Harry lief und lief stundenlang, kam durch Dörfer und kleine Städte. Als es etwa zwei Uhr war, kaufte er sich ein Stück Pizza und eine Dose Cola in einer Bäckerei, setzte sich auf eine Bank und aß. Dann ging er weiter. Seine Füße begannen weh zu tun, aber Harry achtete nicht darauf. Der Rucksack hing schwer über seiner Schulter und er schwitzte. Dennoch ging er weiter. Er hatte das Gefühl, als ob er schneller vorankam als ein normaler Mensch eigentlich sollte, wenn man in Betracht zog, dass er nur zu Fuß gehen konnte. Er war gegen halb drei durch Oxford gekommen, und obwohl er nie gut in Geographie gewesen war, wusste er doch, dass es mindestens fünfzig Meilen von Oxford nach Birmingham waren - und doch kam er gegen sechs Uhr an einem Schild vorbei, auf dem "Birmingham 15 Meilen" stand. Das bedeutete, dass er durchschnittlich zehn Meilen pro Stunde zurücklegte, und das zu Fuß. Harry konnte nicht aufhören, darüber nachzugrübeln. Aber er nahm an, dass das vielleicht auch Yehudiahs Werk war. Vielleicht musste er, wo auch immer er hingehen sollte, in weniger als einer Woche ankommen oder so was.

Harry erreichte Birmingham um halb acht. Er suchte sich eine Bank in einem Park, setzte sich hin und zog die Schuhe aus. Seine Füße waren wund und mit Blasen übersät. Jetzt wo er sich ausruhte, fühlte Harry die Erschöpfung, die ihn wie eine gigantische Welle überrollte.

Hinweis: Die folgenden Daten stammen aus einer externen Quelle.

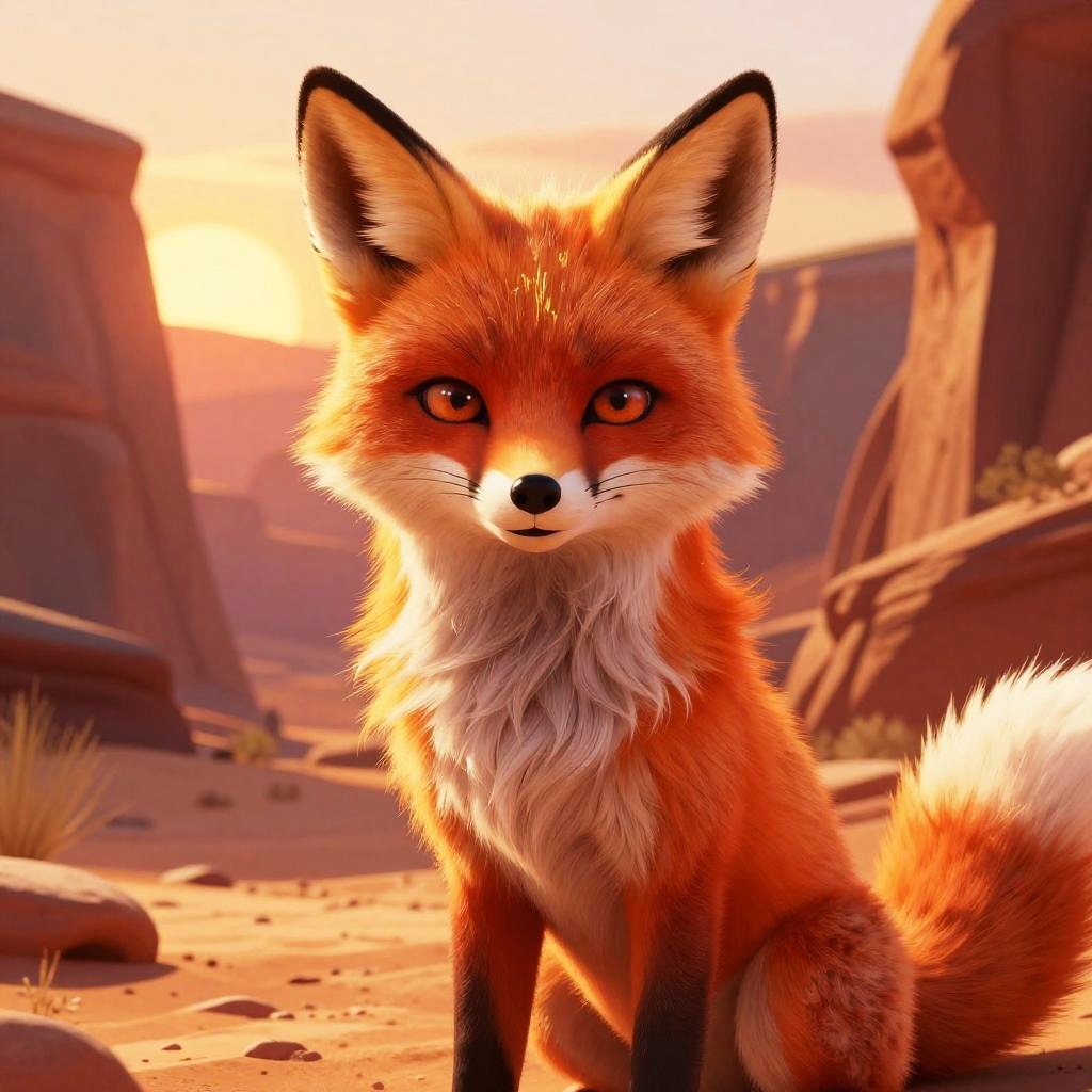 3D animated fox character in mid-air pose against a silver gradient background. The fox has bright orange fur with white belly and tip of tail, large expressive brown eyes, dark brown paws, and black-tipped ears. The character is depicted in a joyful flying motion with one paw forward and the other back.

Er hatte kaum noch die Kraft, den Rucksack zu öffnen und eines von Mrs Weasleys Sandwiches herauszunehmen. Er war nicht sonderlich hungrig, obwohl er den ganzen Tag kaum gegessen hatte. Er aß nur eine Hälfte des Sandwiches, packte die andere wieder ein und holte statt dessen den Schlafsack heraus. Es war nicht kalt, aber Harry schlüpfte trotzdem hinein und versuchte, es sich so gemütlich wie möglich zu machen.

Er hatte kaum die Augen geschlossen, als er auch schon einschlief.

****

"He, du da! Junge!"

Harry nuschelte etwas und öffnete ein Auge. Die Sonne war bereits aufgegangen.

Schläfrig setzte Harry sich gerade hin. Sein Rücken schmerzte wie verrückt und seine Finger waren halb erfroren. Er blinzelte in das Licht und sah einen Muggelpolizisten neben der Bank stehen.

"Morgen", sagte Harry, dem einfach nichts anderes einfiel.

"Hast du hier die Nacht verbracht?" fragte der Polizist.

Harry zermarterte sich das Gehirn, um eine gute Antwort zu finden. Der Polizist hielt ihn, Harry, sicher für einen Ausreißer. Er nahm all seinen Mut zusammen, holte tief Luft und hoffte, dass er ein besserer Schauspieler war, als er immer gedacht hatte.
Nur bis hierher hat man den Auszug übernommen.